Aim of the task:
Your task is to repeat all of the data exactly while excluding the pictures.

Supplied material:
▶

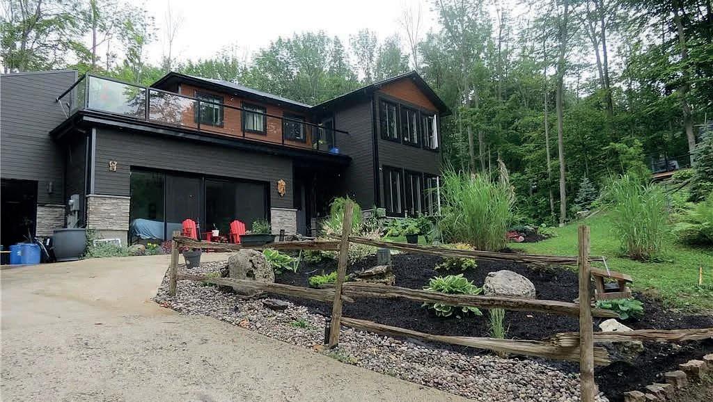 Welcome to 331 Russ Road—a property that seamlessly blends luxury with entrepreneurial possibilities. Nestled on a sprawling 52-acres in Grimsby, this home offers more than just sustainable features; it provides a canvas for diverse ventures. The property presents an expansive 10,000+ sq ft indoor arena, equipped with stalls and a tack room. It’s ready to be transformed to suit a myriad of business ventures. The outdoor paddocks and additional land dedicated to crops and forest offer multiple opportunities. The sustainable features of this home are remarkable. High R-value enviro spray insulation and geothermal system, minimizes environmental impact. However, the true centerpiece is the magnificent 25-foot double-sided masonry wood fireplace. Framed by authentic Ozark stone, this stunning feature extends from the basement to the top floor, creating a captivating focal point. Inside, you’ll find four spacious bedrooms, including a main floor master suite. Beautiful wood ceramic tiles from Italy and pet-friendly compressed bamboo flooring adorn the living spaces. The open-concept kitchen is a culinary delight, boasting artisan tile work and a large center island. Outside, take a dip in the 20x40-foot inground pool or relax under the gazebo. Whether you’re soaking up the sun or seeking shade, this serene retreat offers the perfect escape from the world. Don’t miss the opportunity to own this extraordinary property—a true blend of pastoral charm and modern luxury.
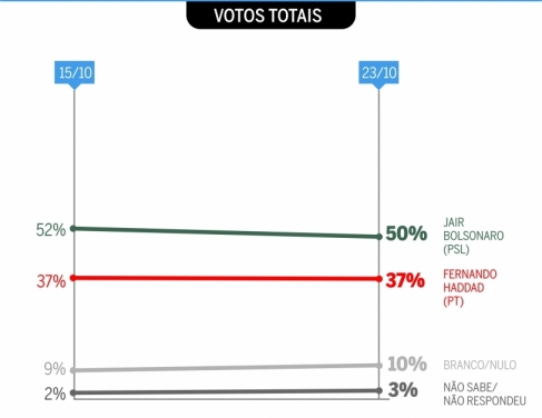 Quando inclusos brancos, nulos e indecisos, Bolsonaro caiu de 52% para 50% e Haddad se manteve em 37%. A diferença foi nos brancos e nulos, que passaram de 9% para 10%, e nos indecisos, que oscilaram de 2% para 3%.
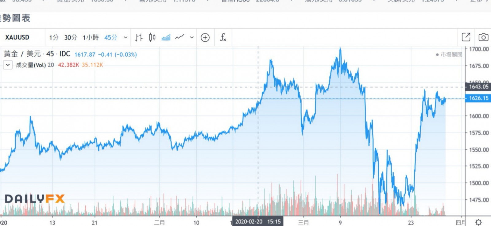 期貨金價現時在每安士1,620至1,675美元之間高位整固,相信短期市場將對無限購債的憧憬逐漸消化,加上通脹率短期難以飆升,甚至環球可能將陷入通縮的危機下,金價將難以突破1,700美元。現時金價下方較大支持仍在1,620美元,當市場消化中央銀行措施的刺激後,金價將可能再回落至1,560美元才見支持。
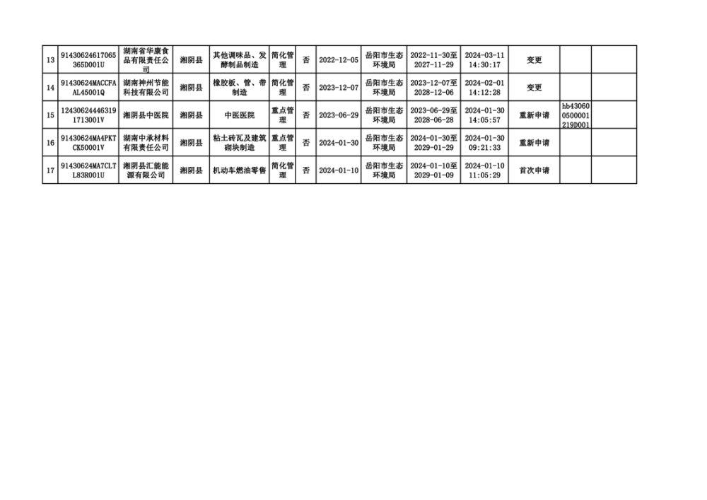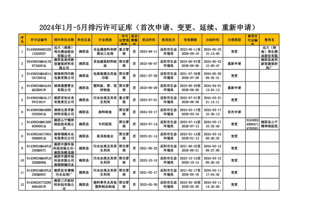 2024年1月-5月排污许可证库(首次申请、变更、延续、重新申请)

◀

Solution for this task:
 Welcome to 331 Russ Road—a property that seamlessly blends luxury with entrepreneurial possibilities. Nestled on a sprawling 52-acres in Grimsby, this home offers more than just sustainable features; it provides a canvas for diverse ventures. The property presents an expansive 10,000+ sq ft indoor arena, equipped with stalls and a tack room. It’s ready to be transformed to suit a myriad of business ventures. The outdoor paddocks and additional land dedicated to crops and forest offer multiple opportunities. The sustainable features of this home are remarkable. High R-value enviro spray insulation and geothermal system, minimizes environmental impact. However, the true centerpiece is the magnificent 25-foot double-sided masonry wood fireplace. Framed by authentic Ozark stone, this stunning feature extends from the basement to the top floor, creating a captivating focal point. Inside, you’ll find four spacious bedrooms, including a main floor master suite. Beautiful wood ceramic tiles from Italy and pet-friendly compressed bamboo flooring adorn the living spaces. The open-concept kitchen is a culinary delight, boasting artisan tile work and a large center island. Outside, take a dip in the 20x40-foot inground pool or relax under the gazebo. Whether you’re soaking up the sun or seeking shade, this serene retreat offers the perfect escape from the world. Don’t miss the opportunity to own this extraordinary property—a true blend of pastoral charm and modern luxury.
 Quando inclusos brancos, nulos e indecisos, Bolsonaro caiu de 52% para 50% e Haddad se manteve em 37%. A diferença foi nos brancos e nulos, que passaram de 9% para 10%, e nos indecisos, que oscilaram de 2% para 3%.
 期貨金價現時在每安士1,620至1,675美元之間高位整固,相信短期市場將對無限購債的憧憬逐漸消化,加上通脹率短期難以飆升,甚至環球可能將陷入通縮的危機下,金價將難以突破1,700美元。現時金價下方較大支持仍在1,620美元,當市場消化中央銀行措施的刺激後,金價將可能再回落至1,560美元才見支持。
 2024年1月-5月排污许可证库(首次申请、变更、延续、重新申请)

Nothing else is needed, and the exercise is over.